А косточек всякого разного зверья, помершего здесь в разное время… Куда ни посмотришь — косточки, растрепанный мех полуистлевших шкурок и оскаленные клыки.
Потом заблестело, зарябило, будто впереди озеро было.
Птицелов увидел Стеклянную Плешь — километровое пятно блестящего шлака. Рядом с проплешиной нельзя было долго оставаться ни человеку, ни мутанту. Ни зверю, ни гаду.

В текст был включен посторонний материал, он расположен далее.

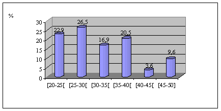 Através da observação do gráfico 2, verifica-se que a classe etária mais frequente (classe modal) é o intervalo [25-30 anos[,  com 26,5%. A média de idades é 31,17 anos. O mínimo é 22 anos, o máximo 49 anos, sendo a moda 24 anos.
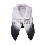 Fashion Dress for Woman New Ombre Color Knit Real Rabbit Fur Vest With Raccoon Fur Collar
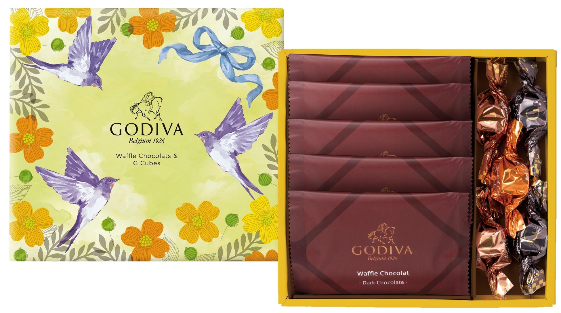 ザクザク食感のクリスピーなワッフル状の生地をベルギー産チョコレートでコーティングした「ワッフルショコラ ダークチョコレート」と、ひと口サイズで本格的な味わいを楽しめるゴディバのチョコレート「G キューブ」3種を、花と小鳥をデザインしたオリジナルパッケージに アソートしました。
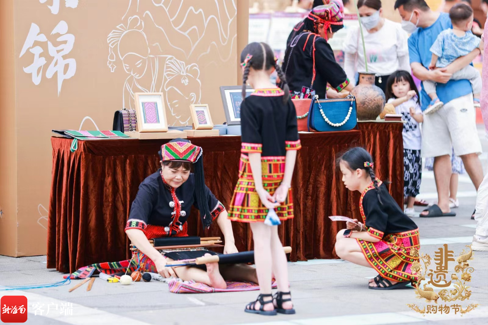 此次購物節設置非遺市集展銷及“主播帶你購”線上帶貨主題活動,市民還可以參加趣味活動,以及現場了解觀看黎錦、藤竹編、黎陶等非遺項目。海南非遺傳承人、非遺工坊、老字號企業和非遺相關企業等紛紛亮相當天的非遺市集展銷。
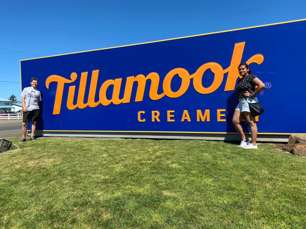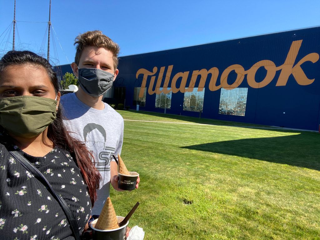 This day had a sad start – We finally had network so Sans checked her email and had her OPT rejected due to an electronic signature (lame, right?). So she was a bit sad that day, but she put on a smile and decided to continue with our trip as planned. Our first stop was Tillamook Creamery (unfortunately you had to reserve a spot due to COVID – and of course we didn’t realize to check earlier). Didn’t get a chance to go in, but we got some BOMB lunch from there – including ICECREAM!
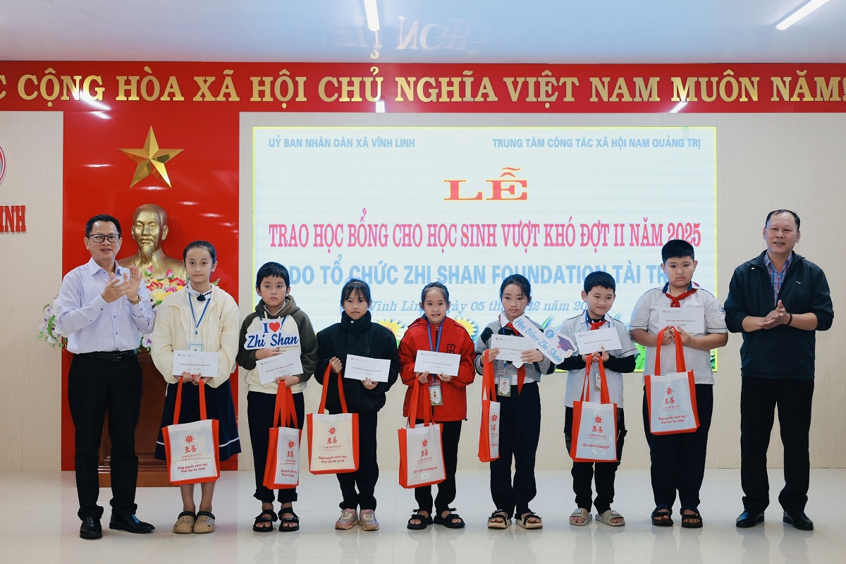 Ngày 05/12/2025, UBND xã Vĩnh Linh phối hợp với Trung tâm công tác xã hội Nam Quảng Trị và tổ chức Zhishan Foundation Taiwan tổ chức trao học bổng đợt II năm 2025 cho học sinh hoàn cảnh khó khăn vượt khó trong học tập.
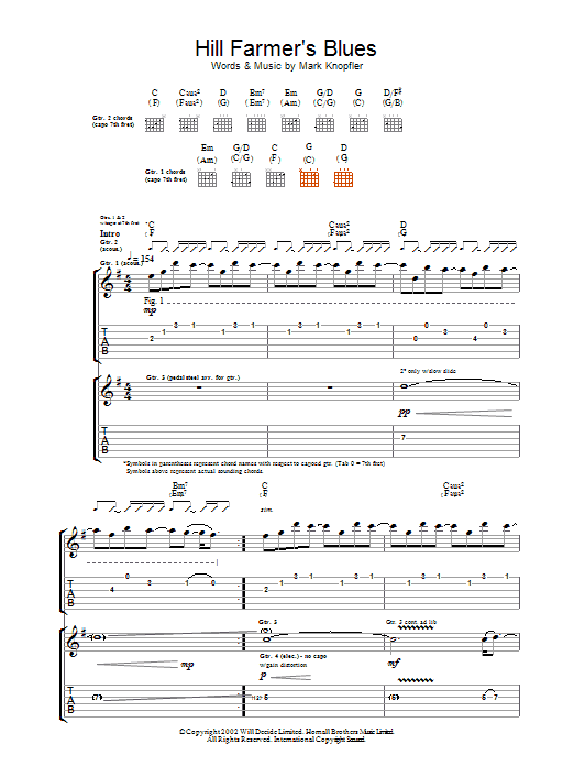 Download or print Mark Knopfler Hill Farmer's Blues sheet music, chords and digital score arranged for Guitar Chords/Lyrics. This Pop score includes 2 page(s).
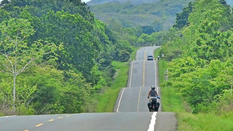 Dass es sich nicht um eine reine Genusstour handelt, wird spätestens in El Salvador klar. Hier geht es bei schweißtreibenden Temperaturen von weit über 40 Grad in der heißen Sonne steil in die Berge. Die wollen bezwungen sein, will man die Panamericana erreichen, die nahe des Pazifiks verläuft. Diese legendäre Straße durchzieht den gesamten amerikanischen Kontinent von Alaska bis Feuerland. Zeitweise ist die Trasse schmal wie eine deutsche Kreisstraße, auf der sich jedoch ein Schwerlastverkehr wie auf einer Autobahn bewegt. Die großen Lkws und Busse kommen bis auf Tuchfühlung an die vollbepackten Räder ran - Stress pur für die Radfreaks. Zeitweise weichen sie auf Nebenstrecken aus, doch nicht überall gibt es diese Alternative.

Здесь невидимое зло, погубившее миллионы душ, а детей тех немногих, кто умудрился выжить, — искалечило и обезобразило, было по-прежнему сильно.
На берегу этого неподвижного озера сидел щуплый человечек.
Бесформенное платье из мешковины. Линялый платок на лысой голове. На тонюсеньких ногах — разбитые ботинки военного образца.
— Лия! — позвал Птицелов.
Он уже не шел, он бежал, поднимая за собой пыль.
Лия обернулась. Посмотрела на Птицелова долгим взглядом, словно силилась узнать, кто это к ней несется. Словно вдруг позабыла Птицелова.
…И совсем была бы она хорошенькой, если бы не опухшие веки и раздутые от рождения надбровные дуги. Если бы не молочная бледность кожи и сетки порванных сосудов на щеках. Если бы не болезненная худоба…
— Ополоумела, девка! — выпалил с ходу Птицелов. — Ты как сюда забрела? Рыба малоумная!
Лия отвернулась, поглядела на свое расплывчатое отражение в зеркале неживого озера. Птицелов уселся рядом, схватил ее за хрупкие плечи, развернул к себе. Пылко обнял, затем отстранил. Оглядел с ног до головы: цела ли? не обидел ли кто?
— Никогда!.. — хрипел он ей в лицо и тряс за плечи. — Никогда не ходи сюда больше! Не уходи из города сама! Из дома не выходи сама! Безголовая! Безголовая! Безголовая! Как тебе отец наказывал?
Лия болталась в руках Птицелова безвольной куклой.